Modern China, Venerable Genre


The giant eye gazing out of the cover of The Eye of Jade met mine from the library recommended shelf, so I threw it in my bag and brought it home. It turns out to be a detective story set in China, with Mei trying to make it at a private detective after she quit her government job rather than compromise her principles. One guiding principle being that she didn't want to be raped, for example. Her mother figures it's just another way this lesser daughter has disappointed; at least Lu had the sense to marry a rich successful man with lots of power.

Mei works at solving a mystery brought to her by a close family friend, but when her mother suffers a possibly fatal stroke she also has to confront her relationships with her family and her attitude towards people. The mystery spirals in towards her mother's past and the grim and amoral choices everyone was forced to make during the horrors of the Cultural Revolution and the Red Terror.

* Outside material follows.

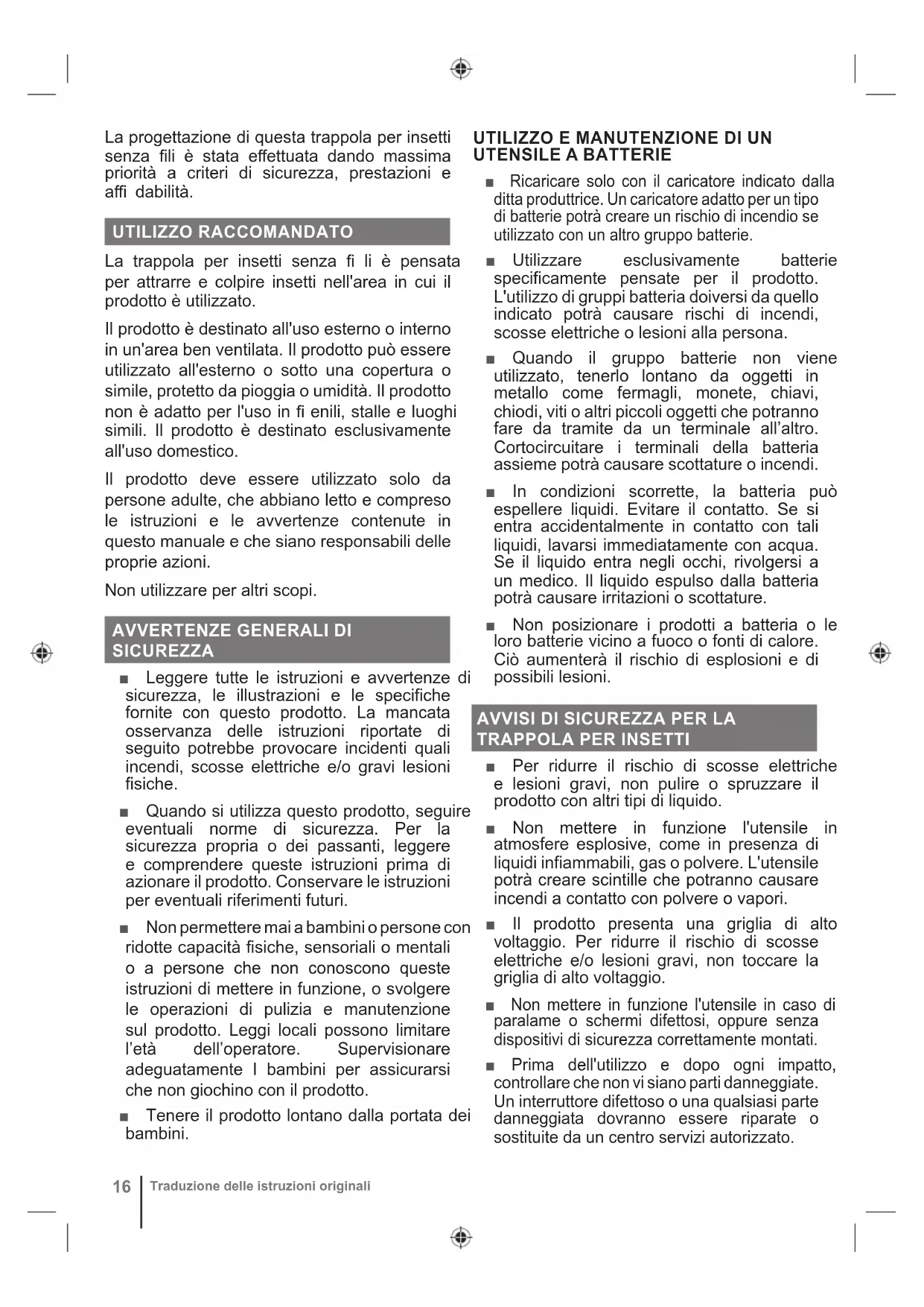 Nota Advertencia Las piezas o accesorios se venden por separado16 Traduzione delle istruzioni originali La progettazione di questa trappola per insetti senza fi li è stata eff ettuata dando massima priorità a criteri di sicurezza, prestazioni e affi dabilità. UTILIZZO RACCOMANDATO La trappola per insetti senza fi li è pensata per attrarre e colpire insetti nell'area in cui il prodotto è utilizzato. Il prodotto è destinato all'uso esterno o interno in un'area ben ventilata. Il prodotto può essere utilizzato all'esterno o sotto una copertura o simile, protetto da pioggia o umidità. Il prodotto non è adatto per l'uso in fi enili, stalle e luoghi simili. Il prodotto è destinato esclusivamente all'uso domestico. Il prodotto deve essere utilizzato solo da persone adulte, che abbiano letto e compreso le istruzioni e le avvertenze contenute in questo manuale e che siano responsabili delle proprie azioni. Non utilizzare per altri scopi.

The author, Diane Wei Liang, spends much more time on Mei's connection with her family then on her career as a detective, which is good for me since I'm not a big mystery reader. The details of life in modern China are fascinating, with the layered importance of wealth and power, and the buried secrets of recent and generational history. The complex emotions of fear and grief for the ill mother and the anger at some of the secrets uncovered in the investigation give the story its power. Yet I never felt completely engaged; the tone and language kept me at a remove. It was the same feel that the book Waiting gave me, so it might be a style of Chinese writing that doesn't work well for me. I also didn't like the end; Mei makes a major decision essentially off-stage. I would have preferred to see her confront it before the book ended. I probably won't pick up the next book in this series, but I think the author has a new memoir out that I might look for. B-.

1 comment:

kmitcham said...

Chinese girls do not come with green eyes!

We could totally do a family movie night on Big Trouble in Little China. That is a fun movie.